Question: given the declaration
int a[2][2], *b = a[0];
is accessing 'b[3]' legal (and if so presumably
the same as 'a[1][1]')?
Forgive me for giving a paraphrase rather than having a specific
article to cite.
Let's start at a place where I think most people would agree:
void *v = malloc( 4 * sizeof(int) );
int (*p) [2] = v;
int (*ap)[2][2] = v;
int *b = v;
assert( 4 * sizeof(int) == sizeof( int[2] ) * 2 );
assert( 4 * sizeof(int) == sizeof( int[2][2] ) );
assert( 4 * sizeof(int) == sizeof( int[4] ) );
assert( & b[3] == & p[1][1] );
assert( & b[3] == & (*ap)[1][1] );
assert( & p[1][2] == & ((int*)v)[4] );
assert( & (*ap)[1][2] == & ((int*)v)[4] );
assert( & b[4] == & ((int*)v)[4] );
This code will always work (assuming the malloc() call does not return
NULL), is guaranteed by the standard, and implies that accessing b[3],
p[1][1], and (*ap)[1][1] are all legal and all access the very same
memory. Does anyone disagree with that?
Furthermore, that the behavior of the expression p[0], or the
expression (*ap)[0], should behave in just the same way as an
expression a[0], if a were declared 'int a[2][2];'. So how pointers
like the ones declared above behave is a faithful indicator of how the
array 'a' would behave (in terms of this memory access question).
Right?
To return to the original question, I think most people would
expect that the behavior of
int a[2][2], *b = a[0];
should be the same as the behavior of
int a[2][2];
void *v = a[0];
int *b = v;
or, perhaps more concisely, the same as the behavior of
int a[2][2], *b = (void*)a[0];
Clearly, when the pointer value gets transmitted through a 'void*'
intermediate value, most people would expect (and rightly so, I
believe) that the behavior would be just the same as the behavior of
the code above that accesses memory that has been malloc()'ed. For it
to be otherwise, especially if the void* value is transmitted as a
function call argument, or a conditionally executed assignment, would
mean that pointer values, including void* values, carry information
around with them beyond just the address. That's not what people
expect; it's contrary to "the spirit of C", and it also violates the
Law of Least Astonishment.
The counterpoint to the above is the very interesting writing in Chris
Torek's earlier article about language in the standard that subscripts
are allowed to be checked. Apparently the standard allows that the
"subscript violation" might be detected but doesn't go so far as to
say that causing a subscript violation is undefined behavior. What an
interesting specification (assuming of course that I've captured it
accurately).
One more related note -
Douglas A. Gwyn said:
Please don't post on subjects you don't understand. Thanks.

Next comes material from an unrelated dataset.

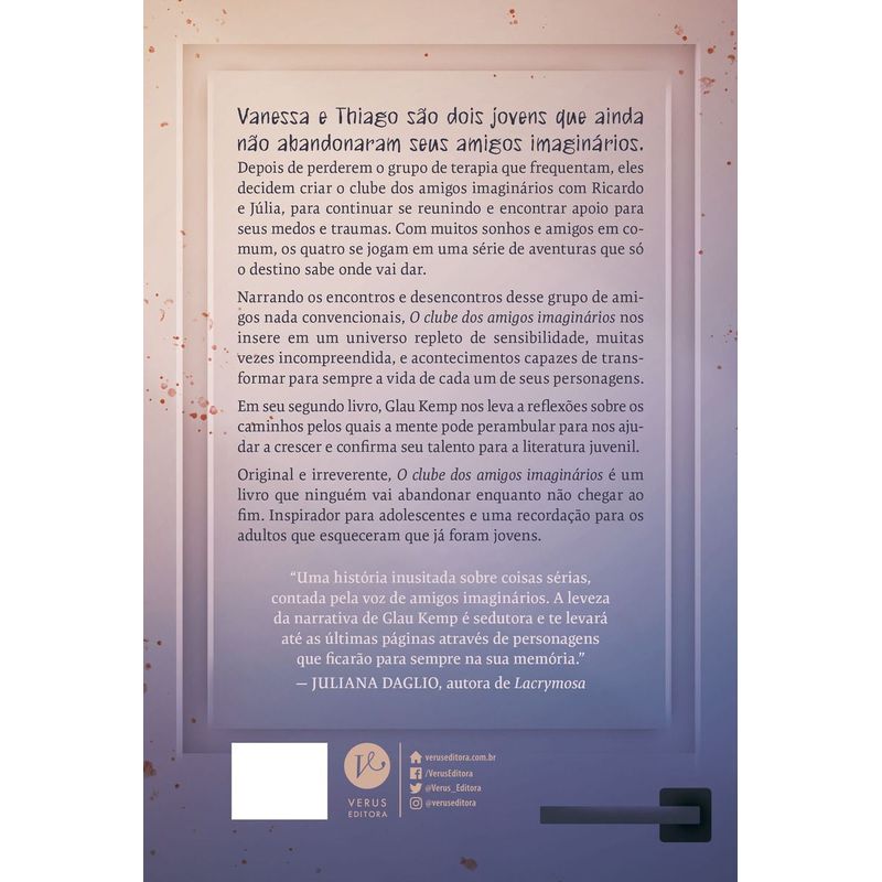 Às vezes amigos imaginários podem ser a nossa melhor companhia. Ou não… Vanessa e Thiago são dois jovens que ainda não abandonaram seus amigos imaginários. Depois de perderem o grupo de terapia que frequentam, eles decidem criar o clube dos amigos imaginários com Ricardo e Júlia, para continuar se reunindo e encontrar apoio para seus medos e traumas. Com muitos sonhos e amigos em comum, os quatro se jogam em uma série de aventuras que só o destino sabe onde vai dar.Narrando os encontros e desencontros desse grupo de amigos nada convencionais, O clube dos amigos imaginários nos insere em um universo repleto de sensibilidade, muitas vezes incompreendida, e acontecimentos capazes de transformar para sempre a vida de cada um de seus personagens.Em seu segundo livro, Glau Kemp nos leva a reflexões sobre os caminhos pelos quais a mente pode perambular para nos ajudar a crescer e confirma seu talento para a literatura juvenil.Original e irreverente, O clube dos amigos imaginários é um livro que ninguém vai abandonar enquanto não chegar ao fim. Inspirador para adolescentes e uma recordação para os adultos que esqueceram que já foram jovens. A Voz — o amigo imaginário dele.Eu sou a voz dentro da cabeça dele e garanto: sou a parte menos louca desse garoto. Vou contar esta história para vocês, mas saibam que não é uma trama qualquer de adolescentes mimizentos! Só acontece coisa de maluco; tudo em que esse garoto se mete dá errado. Então esta é uma história real sobre amigos imaginários. Uma história de sexo adolescente, que consiste em mão na bunda por cima da calça jeans. Uma história de violência, basicamente sobre tapas que não acertam a cara de ninguém. E uma história de amizade que reúne quatro jovens insanos e seus amigos imaginários. Pessoas vão morrer, se apaixonar, enlouquecer e recuperar a sanidade. Não nessa ordem, senão seria uma história de zumbis. E isto aqui é sério. O Urso Bobo — o amigo imaginário dela.Eu vou morrer… Esse é o grande spoiler da vida, um dia a gente morre. Então não quero ninguém chorando em cima de mim, me banhando em saliva e meleca. Porque esta é uma história feliz, de amor, amizade e superação. Uma história real sobre amigos imaginários, em que eu acabo morrendo no final. Mas quero contar para vocês como foram os últimos e gloriosos dezessete anos. Os mais loucos que alguém poderia ter. Os anos em que fui o Urso Bobo de pelúcia da Vanessa. A garota mais legal do mundo e meu grande amor. “Uma história inusitada sobre coisas sérias, contada pela voz de amigos imaginários. A leveza da narrativa de Glau Kemp é sedutora e te levará até as últimas páginas através de personagens que ficarão para sempre na sua memória.” — Juliana Daglio, autora de Lacrymosa

Even though it isn't expressed very well, I think there's a valid
point in here, which is that being portable is different from being
guaranteed to be portable. If code works across all implementations,
it's portable, even if the language of the standard doesn't guarantee
it. More broadly, there are three kinds of discussion we might have
about expected behavior: (1) what behavior does the standard say we
may expect, (2) what behavior is reasonable to expect, and (3) what
behavior may we expect because it actually occurs. It seems to me
that discussion of any of these is appropriate in comp.lang.c, as long
as there isn't an attempt to exclude the others (and of course as long
as it's clear which type of discussion is being presented).
By the way, has anyone found a counter-example to the claim that in
all existing implementations, accessing b[3] gets the same result as
accessing a[1][1] in the question posed above?